Step Hyp Ref Expression
1 upgr1e.v
 |-  V = ( Vtx ` G )
2 upgr1e.a
 |-  ( ph -> A e. X )
3 upgr1e.b
 |-  ( ph -> B e. V )
4 upgr1e.c
 |-  ( ph -> C e. V )
5 upgr1e.e
 |-  ( ph -> ( iEdg ` G ) = { <. A , { B , C } >. } )
6 prex
 |-  { B , C } e. _V
7 6 snid
 |-  { B , C } e. { { B , C } }
8 7 a1i
 |-  ( ph -> { B , C } e. { { B , C } } )
9 2 8 fsnd
 |-  ( ph -> { <. A , { B , C } >. } : { A } --> { { B , C } } )
10 3 4 prssd
 |-  ( ph -> { B , C } C_ V )
11 10 1 sseqtrdi
 |-  ( ph -> { B , C } C_ ( Vtx ` G ) )
12 6 elpw
 |-  ( { B , C } e. ~P ( Vtx ` G ) <-> { B , C } C_ ( Vtx ` G ) )
13 11 12 sylibr
 |-  ( ph -> { B , C } e. ~P ( Vtx ` G ) )
14 13 3 upgr1elem
 |-  ( ph -> { { B , C } } C_ { x e. ( ~P ( Vtx ` G ) \ { (/) } ) | ( # ` x ) <_ 2 } )
15 9 14 fssd
 |-  ( ph -> { <. A , { B , C } >. } : { A } --> { x e. ( ~P ( Vtx ` G ) \ { (/) } ) | ( # ` x ) <_ 2 } )
16 15 ffdmd
 |-  ( ph -> { <. A , { B , C } >. } : dom { <. A , { B , C } >. } --> { x e. ( ~P ( Vtx ` G ) \ { (/) } ) | ( # ` x ) <_ 2 } )
17 5 dmeqd
 |-  ( ph -> dom ( iEdg ` G ) = dom { <. A , { B , C } >. } )
18 5 17 feq12d
 |-  ( ph -> ( ( iEdg ` G ) : dom ( iEdg ` G ) --> { x e. ( ~P ( Vtx ` G ) \ { (/) } ) | ( # ` x ) <_ 2 } <-> { <. A , { B , C } >. } : dom { <. A , { B , C } >. } --> { x e. ( ~P ( Vtx ` G ) \ { (/) } ) | ( # ` x ) <_ 2 } ) )
19 16 18 mpbird
 |-  ( ph -> ( iEdg ` G ) : dom ( iEdg ` G ) --> { x e. ( ~P ( Vtx ` G ) \ { (/) } ) | ( # ` x ) <_ 2 } )
20 1 1vgrex
 |-  ( B e.

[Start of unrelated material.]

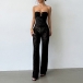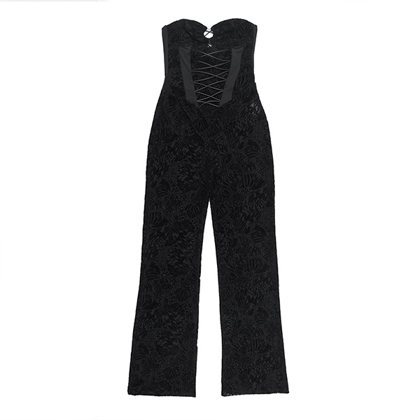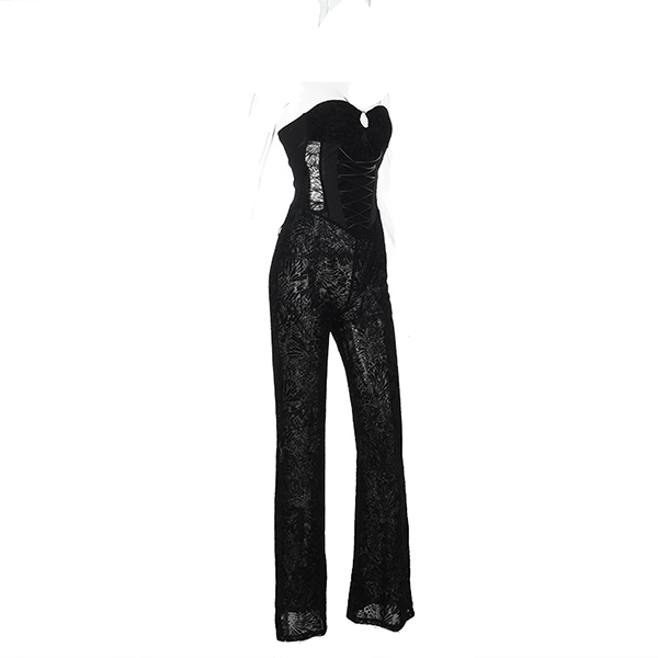 Sexy Strapless O-ring Front Straight-cut Lace Jumpsuit

V -> G e. _V )
21 eqid
 |-  ( Vtx ` G ) = ( Vtx ` G )
22 eqid
 |-  ( iEdg ` G ) = ( iEdg ` G )
23 21 22 isupgr
 |-  ( G e. _V -> ( G e. UPGraph <-> ( iEdg ` G ) : dom ( iEdg ` G ) --> { x e. ( ~P ( Vtx ` G ) \ { (/) } ) | ( # ` x ) <_ 2 } ) )
24 3 20 23 3syl
 |-  ( ph -> ( G e. UPGraph <-> ( iEdg ` G ) : dom ( iEdg ` G ) --> { x e. ( ~P ( Vtx ` G ) \ { (/) } ) | ( # ` x ) <_ 2 } ) )
25 19 24 mpbird
 |-  ( ph -> G e. UPGraph )